COLUMBUS, Ohio — The state Senate found a way to hire 50 more State Highway Patrol troopers to help cut overtime costs and provide more protection while Ohio is under a heightened security status, backers of the plan said yesterday.

The Senate authorized transferring $10 million from a program to beautify Ohio’s highway rest areas to the patrol as part of the two-year transportation budget the Senate approved yesterday.

The patrol will be able to start hiring the troopers after July 1. The additional troopers would be stationed at the Statehouse and other government buildings and at truck scales along Ohio’s highways to inspect for dangerous cargo, patrol spokesman Lt. Rick Fambro said.

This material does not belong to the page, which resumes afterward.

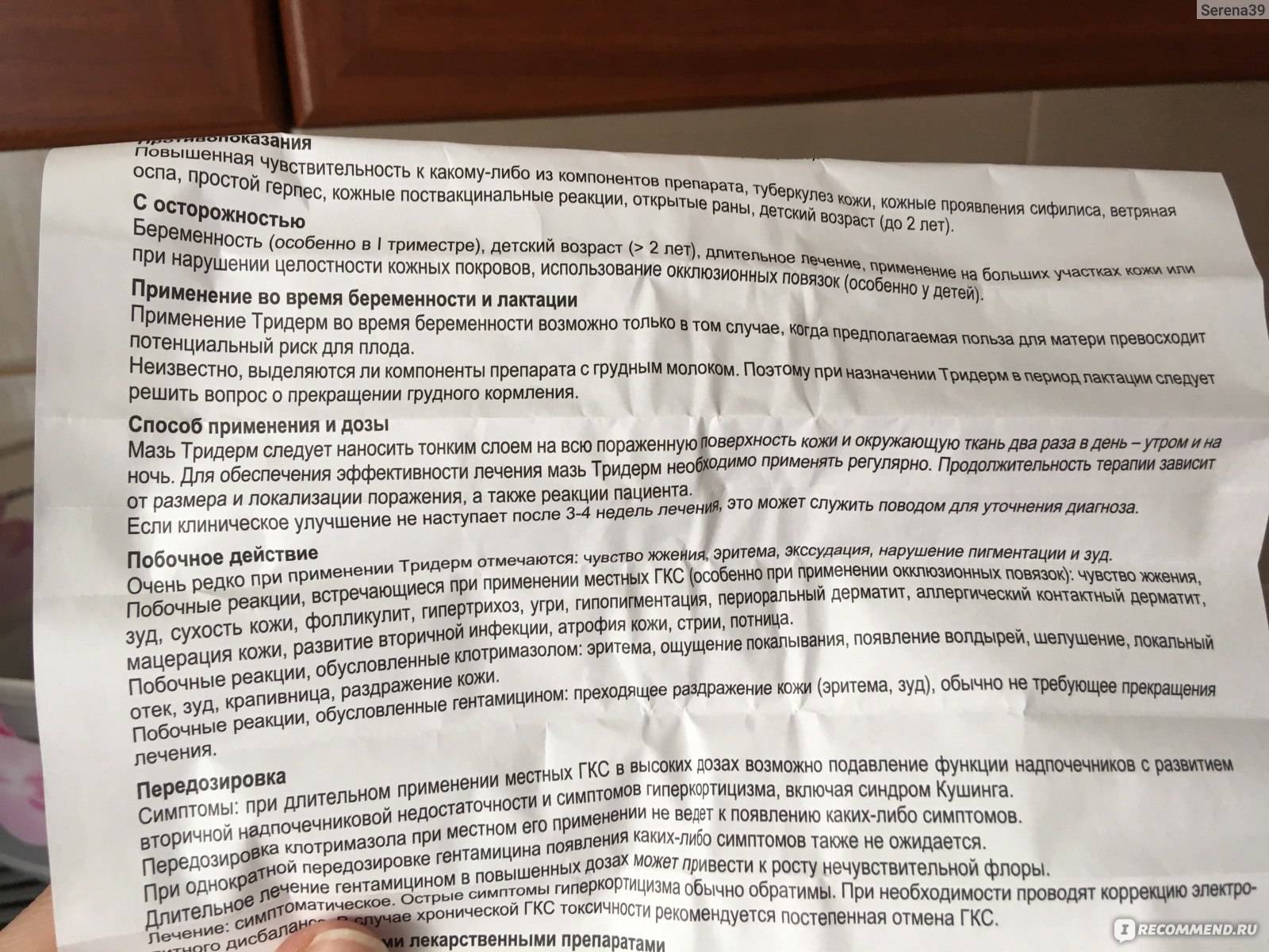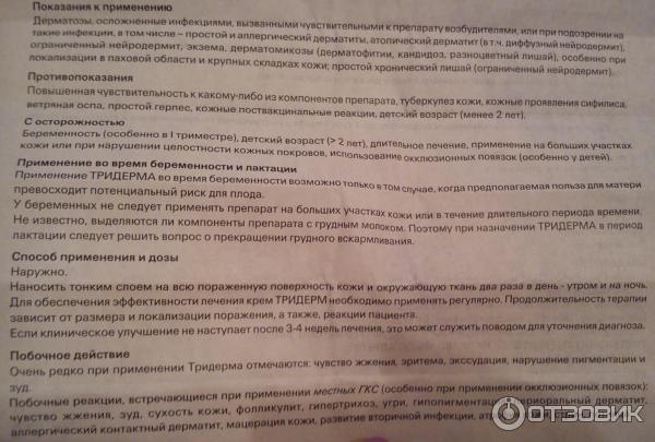 - Тридерм при беременности в 3 триместре, особенно на последних неделях, применять не рекомендуется. При длительном использовании препарат концентрируется в грудном молозиве и может после родов попасть к младенцу во время вскармливания.

Since the state’s five-level alert system was adopted after the terrorist attacks of Sept. 11, 2001, the patrol has increased staffing at state buildings. While the state is under an “orange alert” — its second-highest ranking indicating an elevated risk of terrorist activity — the patrol is spending about $34,000 a day. That cost includes the patrol’s regular operating expenses plus overtime and keeping highway truck scales open around the clock. During a 20-day orange alert in February, the patrol spent $680,000, Fambro said.

Senate Republicans felt the patrol could use the extra troopers, said Sen. Jeffry Armbruster, the chairman of the Highways ‘ Transportation Committee. The patrol now has about 1,400 officers.

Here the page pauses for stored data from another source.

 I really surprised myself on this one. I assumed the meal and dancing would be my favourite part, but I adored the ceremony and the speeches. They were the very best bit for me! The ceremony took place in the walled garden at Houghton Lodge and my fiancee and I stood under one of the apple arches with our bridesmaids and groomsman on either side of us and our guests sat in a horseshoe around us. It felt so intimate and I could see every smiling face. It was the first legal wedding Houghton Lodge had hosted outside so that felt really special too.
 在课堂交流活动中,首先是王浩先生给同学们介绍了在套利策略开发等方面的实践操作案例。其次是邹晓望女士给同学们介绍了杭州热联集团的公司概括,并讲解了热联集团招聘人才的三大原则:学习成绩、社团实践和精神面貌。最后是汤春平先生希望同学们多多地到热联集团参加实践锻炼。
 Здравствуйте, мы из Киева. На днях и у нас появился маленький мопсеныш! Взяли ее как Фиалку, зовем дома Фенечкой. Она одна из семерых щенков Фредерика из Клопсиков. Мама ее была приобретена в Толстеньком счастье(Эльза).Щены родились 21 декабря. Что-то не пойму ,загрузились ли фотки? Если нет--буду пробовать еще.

Since the patrol might not be able to fill all 50 positions right away, the bill allows some leeway for spending the money as new troopers can be recruited, Armbruster said.

That leeway is necessary because the bill requires that the patrol’s budget eventually be funded by fees collected for vehicle registrations and driver’s licenses, instead of being drawn from the gas tax, as it is now, he said.

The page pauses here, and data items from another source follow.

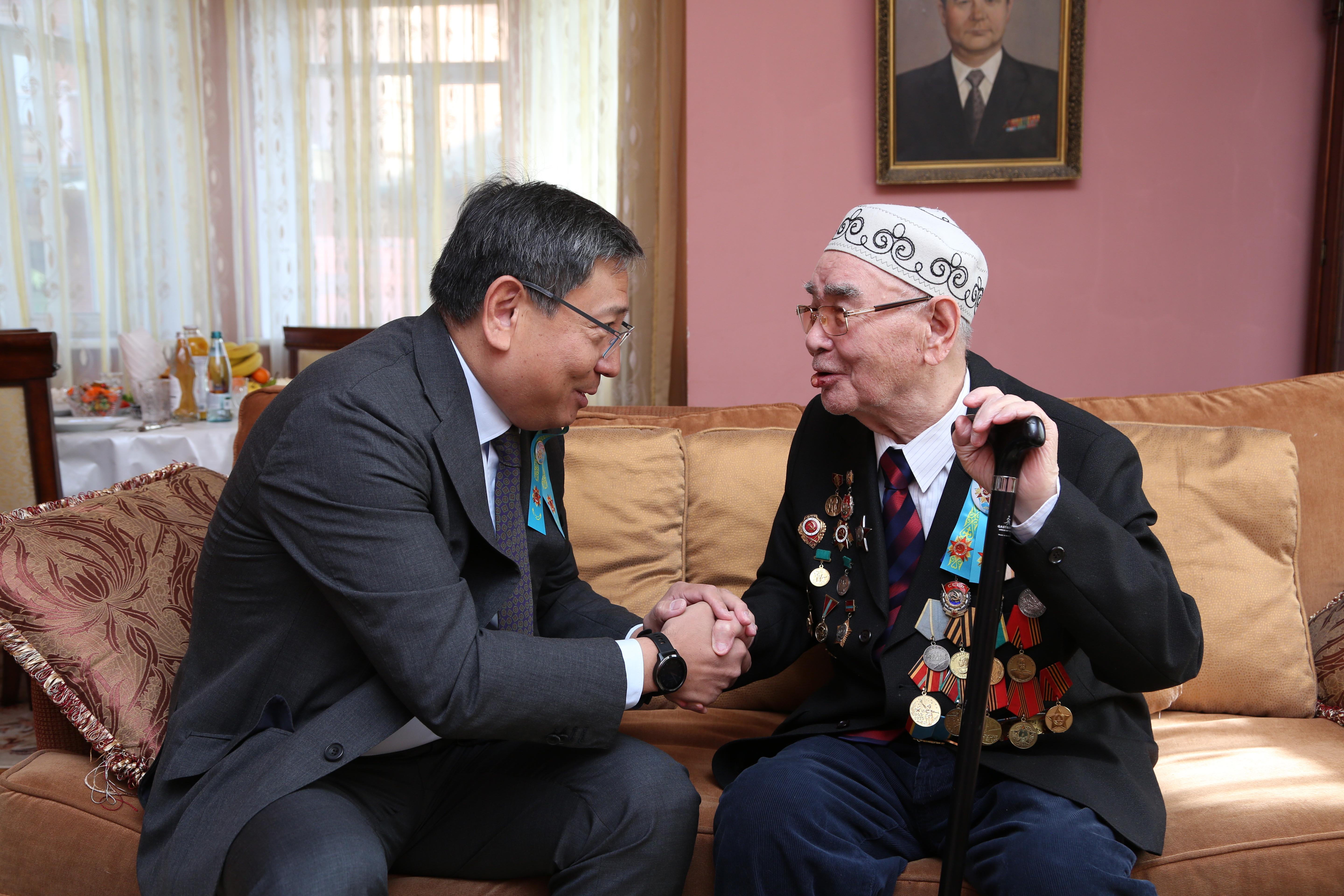 Жеңіс Күні қарсаңында Алматы әкімі Ерболат Досаев Ұлы Отан соғысының ардагерлеріне барып, оларды келе жатқан мерекемен құттықтады.
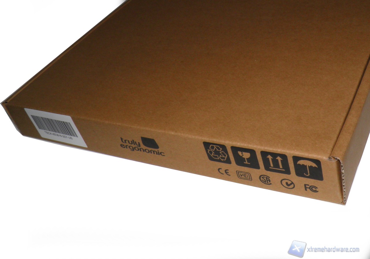 La confezione con cui ci arriva la Truly Ergonomic è decisamente minimal. Realizzata in cartone avana, le uniche informazioni riportate sono relative al marchio del produttore e al modello espresso sotto forma di codice a barre.
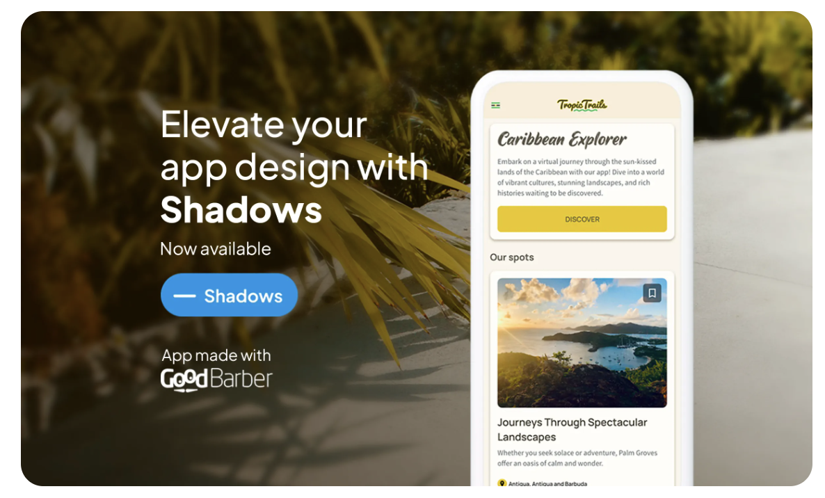 Noi di GoodBarber ci impegniamo costantemente a fornire strumenti di progettazione avanzati ed esteticamente gradevoli. Pertanto, siamo entusiasti di annunciare la nostra ultima innovazione di design: l'opzione Ombra, ora disponibile nei nostri modelli di layout più recenti.
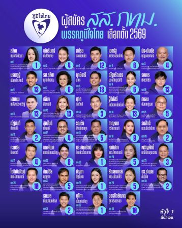 - เปิดหมายเลขผู้สมัคร สส.กทม. ภูมิใจไทย ครบ 33 เขต 27 ธ.ค. 2568
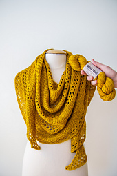 *Select one color of fingering weight yarn to knit this textured semi-circular shawl. The stitch patterns include a broken ribbed stitch, daisy stitch, and an intricate eyelet pattern. Garter stitch sections divide the textured motifs for a mix of engaging stitch patterns with mindless knit rows between them. I-cord edges frame the shape of this seamless shawl. Try a soft and silky yarn like Qing Fibre’s Yak Singles, a beautiful blend of merino, yak, and silk. You can also knit this lightweight shawl with hand dyed merino yarns or allow the textures to shine with lofty wool yarns like West Wool Bicycle.*
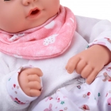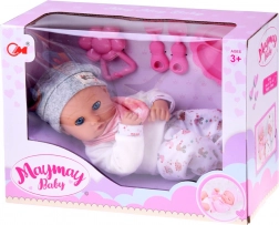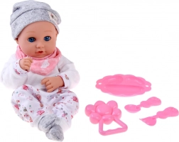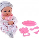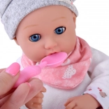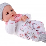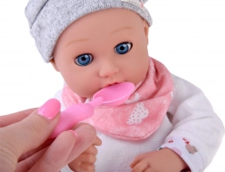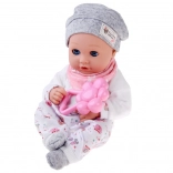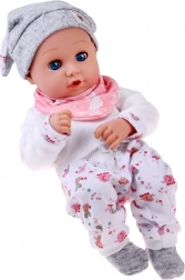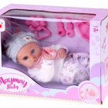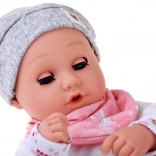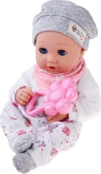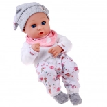 A baba kellemes, puha anyagból készült, tartós műanyag fejjel és kezekkel. A lágy színű öltözet szürke sapkát, puha blúzt, mintás nadrágot és szürke zoknit tartalmaz. A mozgó szemhéjaknak köszönhetően a baba élethűen utánozza az alvást és az ébrenlétet, ösztönözve a természetes gondoskodást és empátiát.
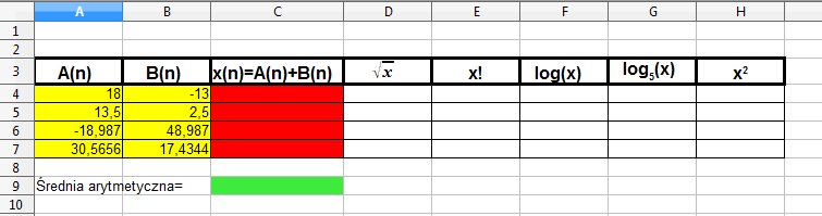 Aby uzupełnić kolejne komórki tabeli wykonuj czynności analogicznie jak w punkcie 5 wybierając do tego odpowiednie funkcje: silnia, logarytm i potęga. Uwaga - w przypadku logarytmu o podstawie 5, najpierw wpisz podstawę (5), a następnie

The gas tax is a more reliable source of funding than registration and license fees will be, and the patrol will have to track its spending more carefully, said Armbruster, a North Ridgeville Republican.

“They are going to have to look at their budget because they don’t have the flexibility that they used to,” he said.

Fambro said the plan will make the patrol better prepared and more vigilant during elevated alerts, especially at truck scales. “We’re looking and we’re trying to do our best to intercept anything that could be used in a biological- or chemical-related attack,” Fambro said.

House Speaker Larry Householder said while the new troopers are important, he wonders whether the patrol is taking on too many duties it hasn’t performed in the past. “There are concerns. They are not a state police. They are a highway patrol,” said Householder, a Glenford Republican. “I think it’s worth having discussions about what their role should be.”